Society

Rethinking self-importance in a time of social and ecological collapse

April 30, 2026

There is a direct line that runs through human history, connecting unchecked self-importance to elitism, domination, and the worst of brutalities.

Can it really be that simple? Self-importance is usually called out by friends and curtailed before we become adults, but when it survives, it can wreak havoc.

It’s not just people like Nigel Farage, Donald Trump, and Elon Musk, and the utter miserableness of their behaviour. It’s also the billionaires, and the leaders of corporations and private equity funds, who care about nothing except their wealth, power, and shareholder value.

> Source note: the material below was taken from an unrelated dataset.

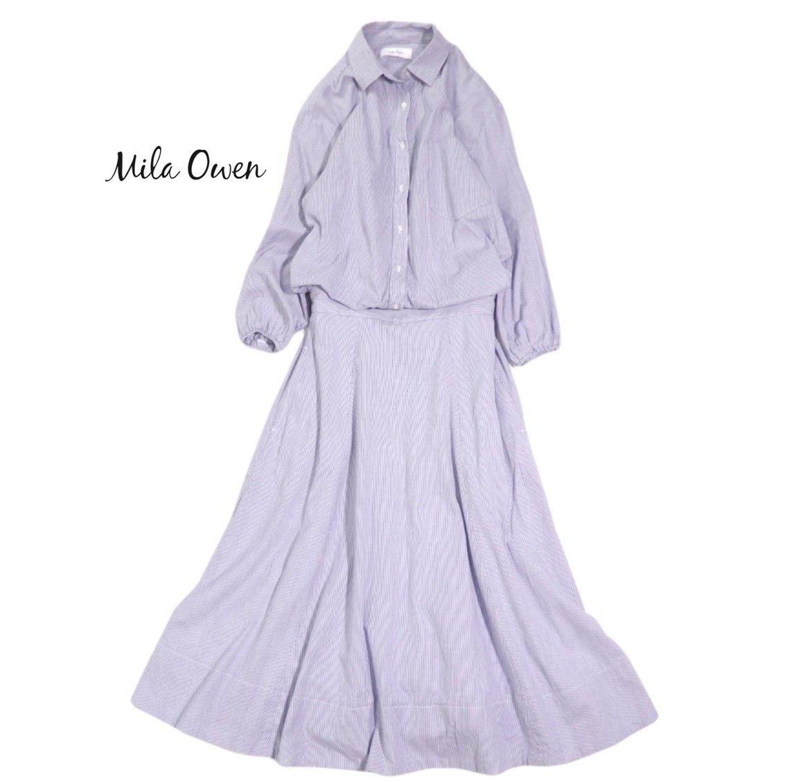 - ミラオーウェン Mila Owen セットアップ見え ストライプ シャツ ワンピース 0

Hurt to the workers, hurt to the communities where they operate, hurt to the Earth, and its animals – these are dismissed as “externalities”, thanks to the ethical vacuum that self-importance creates, justified when needed by a similar vacuum in conventional neoclassical economics. Homo economicus, paragon of the discipline’s equations, was born self-important, caring only about personal gain. He is not a neutral figure, living in a world that tends to equilibrium. He is a villain, selfishly extracting whatever he can while ignoring the realities of power and the costs to humanity and the natural world.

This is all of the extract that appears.